Nada en la religión tradicional, bien entendida, nos obliga a defender este estado de cosas o a redireccionar el descontento popular hacia el conflicto de la autoayuda y la cultura irracional. Más que eso, la religión tradicional nos obliga a ver ―sí, después de Marx― cómo una sociedad centrada en torno a la producción de mercancías está constantemente en riesgo de privilegiar lo inanimado sobre lo animado, de incluir las relaciones sociales entre los seres humanos vivos que respiran en las relaciones entre las cosas. De todas las personas, los creyentes religiosos y, especialmente, los cristianos deben reasegurar la primacía de las personas sobre las cosas, el trabajo sobre el capital y los sujetos sobre los objetos.
Pero a diferencia de los marxistas seculares, que sueñan con la abolición de una clase de personas por otras, los cristianos son llamados a promover la reconciliación entre ellos. ¿A qué podría parecerse eso? Como reconoció el cardenal Manning durante la gran huelga de los muelles, la verdadera reconciliación implica un contrapoder organizado desde abajo y también exhortaciones a la virtud que vengan desde arriba. A lo sumo, la reconciliación de clase invita a realidades espirituales que ninguna doctrina material puede explicar.
En algún punto, cuando el calvario de la huelga llegaba a sus etapas finales y se acercaba a un acuerdo, el comité de huelga completo se encontró con el cardenal en una escuela católica del distrito Poplar en East London. El cardenal se dirigió a los intransigentes trabajadores. Dos de los líderes sindicales más tarde recordarían: “Justo encima de la cabeza [del cardenal] había una figura tallada de la Virgen con el Niño, y algunos hombres dicen que de pronto una luz pareció flotar alrededor de ella mientras el orador rogaba por las esposas y los hijos.
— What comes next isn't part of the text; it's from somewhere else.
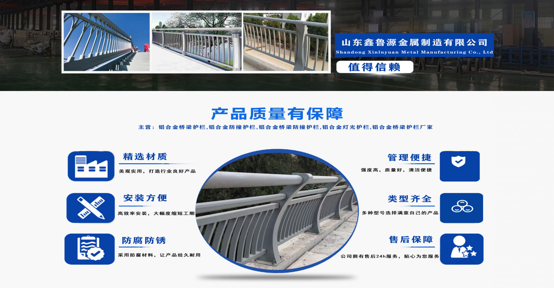 山東鑫魯源金屬制造有限公司主要經營:鋁合金橋梁護欄,鋁合金防撞護欄,鋁合金橋梁防撞護欄,鋁合金燈光護欄,不鋁合金橋梁護欄廠家,環波梁橋梁護欄,環波梁防撞護欄。質量可靠、經濟實用的顯著特點。公司為客戶提供可靠售后保障,堅持“以品質立足、服務求發展”,愿與各界朋友精誠合作、攜手發展! 服務優勢:真誠的服務理念、完善的服務體系。公司專業力量充足;工程案例眾多、從業經驗豐富;公司以可靠質量的產品,合理的價格,完善的售后服務,能夠滿足市場各個企業的需求。 企業精神:執著追求 持續創新執著追求,就是堅持不懈、堅定從容,專注于自己的事業,把能做的事情做好,不斷克服困難、把握機遇,贏得未來。 持續創新,就是生命不息、創新不止,通過持續實施技術創新、管理創新、市場創新,獲取持續的競爭優勢。...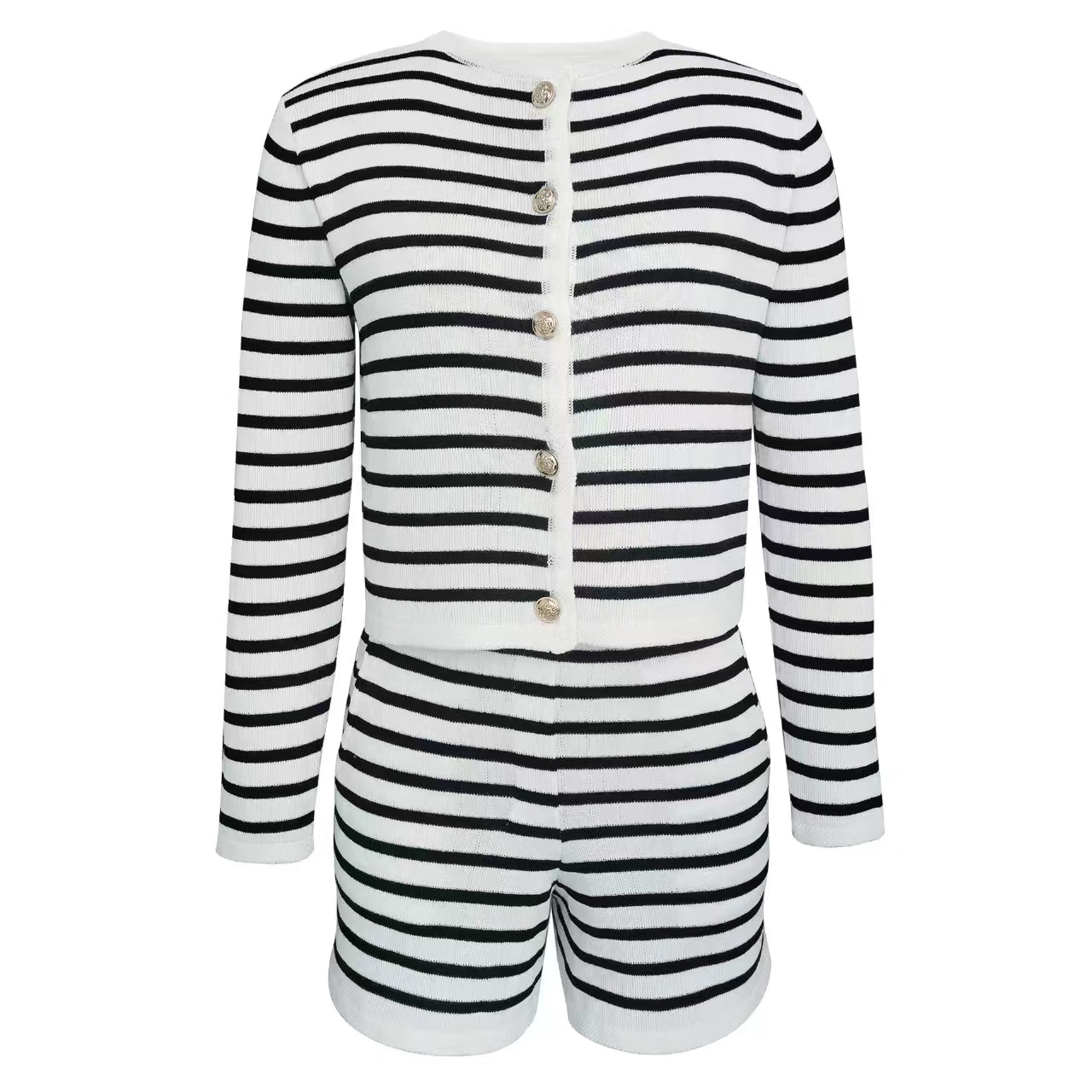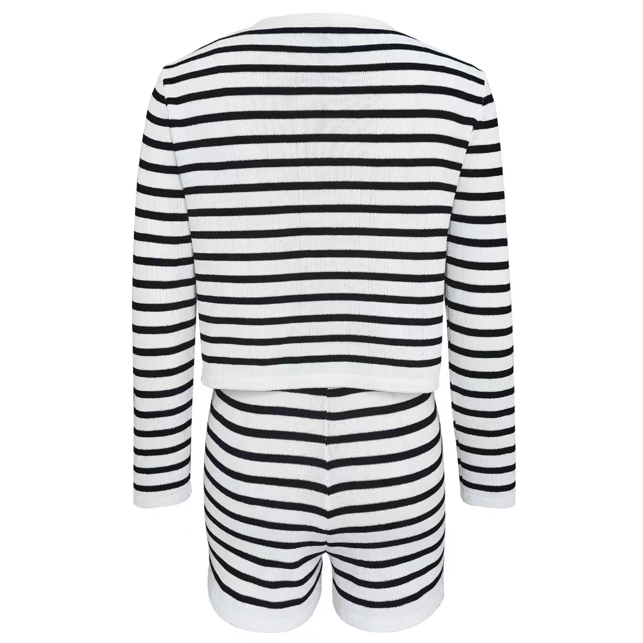 Шортите са също изработени от качествена плетена материя и са с къс силует, подходящ за топлите дни или за носене в закрити помещения. Райето на шортите съответства на това на жилетката, което прави комплекта хармоничен и завършен.

Cuando tomó asiento, todos en la habitación sabían en su corazón que [Manning] había triunfado”.
Finalmente, el 14 de setiembre, se alcanzó un acuerdo formal que pronto empezó a ser conocido como la “Paz del cardenal”. Un panfleto de 2015 del sindicato británico Unite, señala: “Al día siguiente, una procesión triunfal marchó a Hyde Park”. La procesión incluía “una multitud de cruces colocadas en honor al cardenal Manning”. Y cuando el cardenal Henry Edward Manning murió en 1892, el London Trades Council ―una organización que aglutinaba a los sindicalistas― aprobó una resolución en la que se declaraba que “los trabajadores ingleses, irlandeses e italianos en Londres sentían que con la muerte del cardenal Manning habían perdido a su mejor amigo”.
“Oigan cómo clama contra ustedes el salario no pagado a los obreros que trabajaron en sus campos”. Quizá lo que se necesite sea una mayor comprensión de la naturaleza insidiosa del pecado, de cómo se enquista no solo en las almas individuales, sino en estructuras sociales y económicas. Reconocer esta realidad no es equivalente a obviar la responsabilidad individual. “La estructura me obligó a hacerlo” no es una defensa que esgrimiré cuando me encuentre con San Pedro en las puertas del cielo. Pero implica el deber de ser vigilante contra estructuras que conducen a los pequeños por el mal camino, tanto como, en un nivel individual, somos llamados a evitar ocasiones de pecar. Ay de aquellos que acepten una economía total que implique una ocasión vasta y repugnante de pecar.